X_train, X_test, y_train, y_test = train_test_split(
    X, y, test_size=0.33, random_state=44)

model = GaussianNB()
model.fit(X_train, y_train)
pred = model.predict(X_test)
print('Scikit-learn Iris Accuracy = %lf' % (ACC(pred, y_test)))

Scikit-learn Iris accuracy = 0.960000


# My Implementation

In [151]:
from math import pi, exp, sqrt


class MyGaussianNB:
    
    def __init__(self):
        
        # Categorical implementation.
        self._condt_probs = dict()  # Dict stores conditional probabilities.
        
        # Real-valued implementation.
        self._feat_means = dict()   # Dict stores the means.
        self._feat_stdvs = dict()   # Dict stores the standard deviations.
        
        # Common.
        self._classes = []          # List of the possible classes.
        self._class_probs = dict()  # Dict stores class probabilities.
        self._feat_type = dict()    # Dict stores feature types,'cat' or 'con'.
        
    def fit(self, X, y):
    
        # Unique classes.
        self._classes = list(y.unique())
    
        # Class probabilities.
        for c in self._classes:
            self._class_probs[c] = list(y.values).count(c) * 1.0 / len(y.values)
                
        # Determine feature types and store their corresponding information.
        for feat in X.columns:
            
            iscon = str(X[feat].dtype).startswith('int') or str(X[feat].dtype).startswith('float')
            if iscon:
                self._feat_type[feat] = 'con'
                
                # Compute the mean and stdv of this feature given each class.
                self._feat_means[feat] = {}
                self._feat_stdvs[feat] = {}
                for c in self._classes:
                    # There's hopefully a less disgusting way to do this.
                    matching = [X[feat].values[i] for (i,v) in enumerate(y) if v == c]
                    self._feat_means[feat][c] = np.mean(matching)
                    self._feat_stdvs[feat][c] = np.std(matching)
                
            else:
                self._feat_type[feat] = 'cat'
                # TODO: Compute the conditional probability.
    
        return
    
    def predict(self, X):
        feats = list(X.columns)
        preds = [self.predict_single(feats, x) for i,x in X.iterrows()]
        return preds
    
    def predict_single(self, feats, x):
        
        # Gaussian probability density function.
        # Takes the value, the mean, and the std deviation.
        # Returns the probability of getting that value.
        def pdf(x, m, s):
            return (1/(sqrt(2*pi)*s))*exp(-((x-m)**2)/(2*s**2))
        
        # Compute the posterior for each class.
        # to find the most likely classification given these features.
        # P(c | x) = (P(x | c) x P(c)) / P(x).
        # P(x) cancels out because the same features are used.
        # So P(c | x) = P(x | c) x P(c).
        # P(x | c) = P(x_1 | c) x ... x P(x_n | c).
        # P(cls) and P(x_i) are either stored (categorical)
        # or easily computed (real-value).
        
        max_class = None
        max_prob = 0
        
        for c in self._classes:
            
            prob = self._class_probs[c]
            
            # Compute P(x | c).
            # Categorical features use the stored conditional probabilities.
            # Continuous features compute their probability via guassian PDF.
            for (feat, x_i) in zip(feats, x):
            
                if self._feat_type[feat] is 'cat':
                    prob *= self._condt_probs[x_i][c]
                
                elif self._feat_type[feat] is 'con':
                    m = self._feat_means[feat][c]
                    s = self._feat_stdvs[feat][c]
                    prob *= pdf(x_i, m, s)

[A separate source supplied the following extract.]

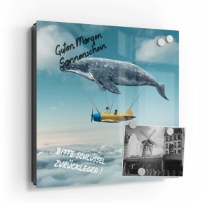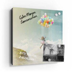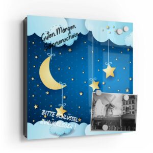 Wer kennt es nicht: Man ist in Eile und der Autoschlüssel ist nicht aufzufinden. Oder er liegt mit vielen anderen Schlüsseln lose und unschön auf der Anrichte. Mit einem Schlüsselkasten erleichterst du dir den Alltag und bringst Ordnung ins Chaos. So ist endlich Schluss mit der Sucherei und dein Flur bleibt aufgeräumt. Im Design Schlüsselkasten finden auch selten genutzte Schlüssel einen Platz und können übersichtlich aufgehängt werden. Zum praktischen Alltagshelfer wird der Schlüsselkasten, da er auch als kleines Notizbrett dient: Er kann einfach mit einem abwischbaren Marker beschrieben werden. Sehr gut sind dafür zum Beispiel Kreidemarker geeignet, mit denen du Botschaften an deine Liebsten hinterlassen kannst oder einfach wichtige Termine notierst. Die Oberfläche des Glases ist äußerst kratz- und schlagfest und damit langlebig, auch wenn der Kasten täglich genutzt wird. Das Glas wird mit einer hochwertig bedruckten Folie versehen, die farbecht ist. Fotos und Kunstwerke wirken damit immer gestochen scharf und durch die Glasoberfläche schon fast dreidimensional. Somit wird der Schlüsselkasten selbst zum Designobjekt.

            # Track max probability and its corresponding class.
            if prob > max_prob:
                max_prob = prob
                max_class = c
            
        return max_class
    
model = MyGaussianNB()
model.fit(X_train, y_train)
pred = model.predict(X_test)
print('My Implementation Iris Accuracy = %lf' % (ACC(pred, y_test)))

My Implementation Iris Accuracy = 0.960000


# Results

- My custom implementation matches the accuracy (96%) of the scikit-learn implementation for the Iris dataset with continuous features.